# What you have to do
Copy out each line of the data that includes the string "with".

Records from a data collection
* * * * * * * * *
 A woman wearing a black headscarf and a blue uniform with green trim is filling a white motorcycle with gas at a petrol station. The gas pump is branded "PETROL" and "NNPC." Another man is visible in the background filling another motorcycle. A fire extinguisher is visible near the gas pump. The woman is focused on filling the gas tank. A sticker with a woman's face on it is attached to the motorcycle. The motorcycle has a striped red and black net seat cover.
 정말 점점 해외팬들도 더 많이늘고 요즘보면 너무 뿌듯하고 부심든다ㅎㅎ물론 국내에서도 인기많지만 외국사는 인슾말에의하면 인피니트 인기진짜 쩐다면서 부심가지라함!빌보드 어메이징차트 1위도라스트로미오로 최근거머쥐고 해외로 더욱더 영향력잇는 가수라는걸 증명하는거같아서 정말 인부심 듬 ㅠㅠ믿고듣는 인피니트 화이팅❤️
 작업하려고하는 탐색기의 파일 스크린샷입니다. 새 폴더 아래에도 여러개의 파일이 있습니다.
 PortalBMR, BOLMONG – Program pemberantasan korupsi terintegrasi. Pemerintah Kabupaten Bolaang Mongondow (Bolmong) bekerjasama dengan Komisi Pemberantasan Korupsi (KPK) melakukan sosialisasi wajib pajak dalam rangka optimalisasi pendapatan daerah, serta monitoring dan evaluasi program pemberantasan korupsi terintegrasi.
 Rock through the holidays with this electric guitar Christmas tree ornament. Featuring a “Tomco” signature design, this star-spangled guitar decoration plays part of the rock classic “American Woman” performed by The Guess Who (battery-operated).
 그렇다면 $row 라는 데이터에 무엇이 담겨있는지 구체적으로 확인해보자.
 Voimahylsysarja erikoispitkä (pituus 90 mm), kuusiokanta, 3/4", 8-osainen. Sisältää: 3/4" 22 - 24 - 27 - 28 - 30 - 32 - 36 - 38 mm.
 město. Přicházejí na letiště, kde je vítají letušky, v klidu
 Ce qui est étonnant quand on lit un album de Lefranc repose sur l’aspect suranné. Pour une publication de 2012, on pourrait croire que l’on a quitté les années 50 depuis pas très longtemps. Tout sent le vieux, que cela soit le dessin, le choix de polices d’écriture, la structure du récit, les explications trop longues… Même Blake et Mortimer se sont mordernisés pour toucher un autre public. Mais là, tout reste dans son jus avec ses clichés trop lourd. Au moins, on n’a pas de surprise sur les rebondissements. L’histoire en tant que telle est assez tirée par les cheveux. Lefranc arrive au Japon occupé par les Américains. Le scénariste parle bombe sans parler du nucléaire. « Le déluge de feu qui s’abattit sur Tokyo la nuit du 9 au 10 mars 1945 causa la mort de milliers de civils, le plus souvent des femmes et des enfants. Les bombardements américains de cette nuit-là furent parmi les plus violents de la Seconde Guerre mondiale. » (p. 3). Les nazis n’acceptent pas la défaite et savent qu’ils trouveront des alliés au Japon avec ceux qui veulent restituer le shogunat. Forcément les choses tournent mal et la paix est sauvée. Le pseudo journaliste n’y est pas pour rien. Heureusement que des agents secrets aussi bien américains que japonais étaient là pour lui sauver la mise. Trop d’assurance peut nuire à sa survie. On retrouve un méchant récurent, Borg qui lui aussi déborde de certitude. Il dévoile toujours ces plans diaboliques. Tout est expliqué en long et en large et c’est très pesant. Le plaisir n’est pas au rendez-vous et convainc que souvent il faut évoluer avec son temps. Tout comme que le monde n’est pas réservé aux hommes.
* * * * * * * * *
# Result for this task
 A woman wearing a black headscarf and a blue uniform with green trim is filling a white motorcycle with gas at a petrol station. The gas pump is branded "PETROL" and "NNPC." Another man is visible in the background filling another motorcycle. A fire extinguisher is visible near the gas pump. The woman is focused on filling the gas tank. A sticker with a woman's face on it is attached to the motorcycle. The motorcycle has a striped red and black net seat cover.
 Rock through the holidays with this electric guitar Christmas tree ornament. Featuring a “Tomco” signature design, this star-spangled guitar decoration plays part of the rock classic “American Woman” performed by The Guess Who (battery-operated).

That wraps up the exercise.